Unless, of course, you know Srivastava's trick.

### Choosing the Probabilities: A Better Way?

One thing bothers me about the probabilities that I chose: the probability of winning a \$10 or \$20 award is too small. In order to lower the chance of winning the big \$250 award (getting tic-tac-toe on the diagonal), I chose a small probability for the middle cell. But this also lowers the probability of getting tic-tac-toe on the middle row and middle column.

What scheme would you use so that the chance of winning an award is a decreasing function of the size of the award?

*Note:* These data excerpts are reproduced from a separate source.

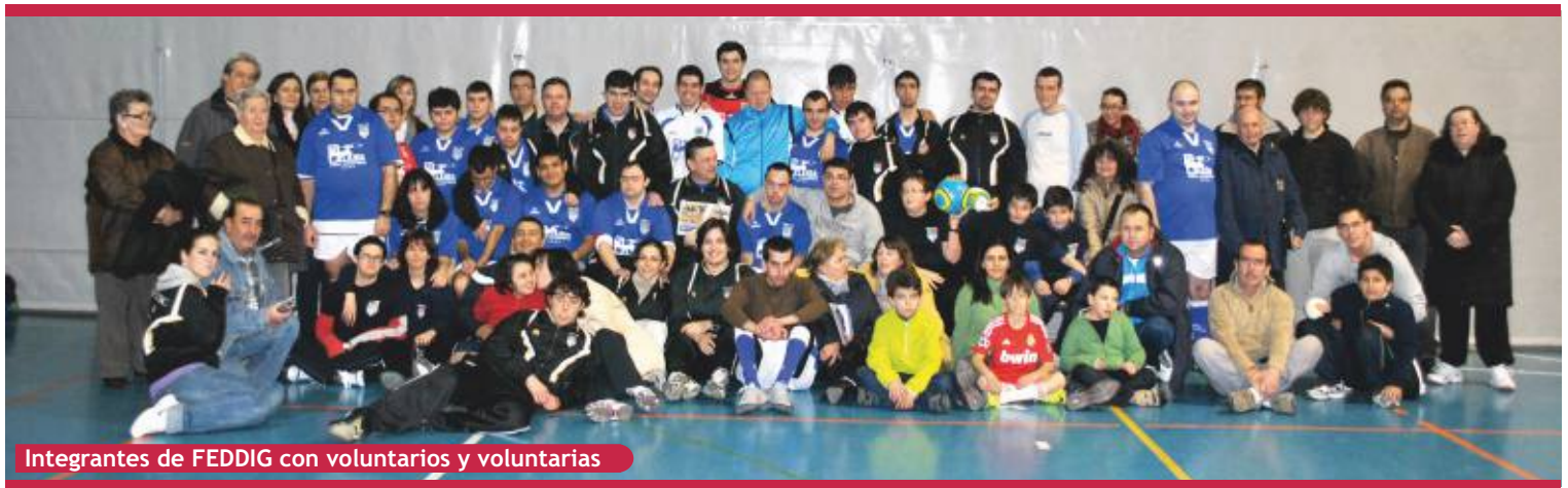
Integrantes de FEDDIG con voluntarios y voluntarias

Desde el 2008 en el barrio de El Bercial, ayudando a integrar deportistas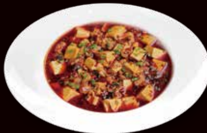
161. Tofu in salsa chili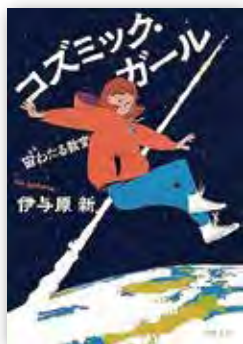
『コズミック・ガール 宙わたる教室』 伊与原新(著)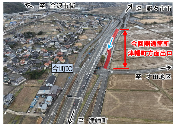
写真① 今町ICから野々市市方面を望む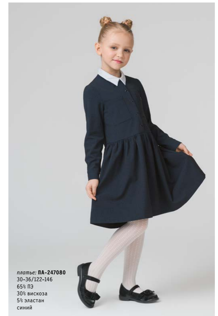
платье: ПА-247080 30-36/122-146 65% ПЭ 30% вискоза 5% эластан синий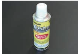
亜鉛メッキスプレー ¥1,610 S20 シリンダーライナーの外周やL型等のウォータージャケット内の錆止めに長期間効果がある。(耐熱温度 200~300度)

Share Distinguished Researcher in Computational Statistics

Rick Wicklin, PhD, is a distinguished researcher in computational statistics at SAS and is a principal developer of SAS/IML software. His areas of expertise include computational statistics, simulation, statistical graphics, and modern methods in statistical data analysis. Rick is author of the books Statistical Programming with SAS/IML Software and Simulating Data with SAS.

1. Daniel Mastropietro on

One comment on the Expected Gain. As far as I see it, the winning outcomes are not mutually exclusive and the Expected Gain calculation assumes they are.
Therefore I think an adjustment could be made by defining a pay strategy for cases when more than one winning combination occurs --for example by assigning the highest prize among all realized winning outcomes. This of course requires the calculation of the probabilities of all possible winning-outcome combinations (such as all 1's).
It seems to me that the current calculation of the Expected Gain follows a pay strategy that assigns \$0 to boards where multiple winning outcomes occur, which does not really make sense to the player. The good news is that, under the current probability layout, multiple winning outcomes have very low probability so this adjustment should not affect the Expected Gain value by much.

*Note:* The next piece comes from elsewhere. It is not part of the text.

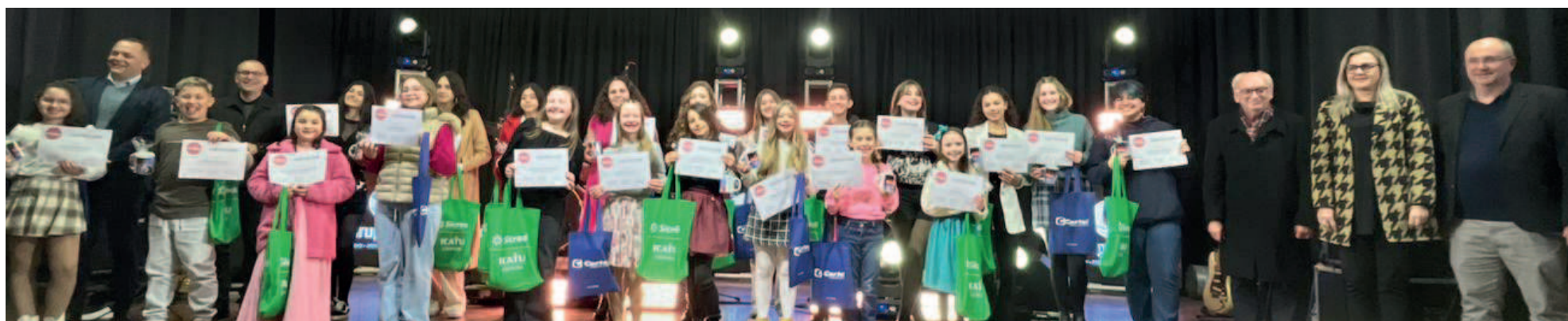
Os 21 participantes da categoria Juvenil receberam certificados após as apresentações

On the other hand, the simulation step might already be taking the multiple winning-outcome situation into account. In fact, the calculation of the "win" amount does not involve calculation of probabilities, but just counting the number of winning outcomes in a particular realization. The question I have here is: how is the TestWinner() function taking into account multiple winning outcomes to compute the "win" amount returned by the function? Is it giving the win amount that corresponds to the highest-prize winning outcome or is it summing the win amount of all realized winning-outcomes?

Conclusion: if I am not making any incorrect reasoning, the conclusion is that the theoretical and the practical approaches described above are not in line, and this will cause a divergence between the two expected gain values that is not only due to chance.

• The TestWinner function gives the complete payout. Fo example, if a card is a winner both diagonally and horizontally, the TestWinner function detects that and returns a gain that is the sum of the prizes awarded.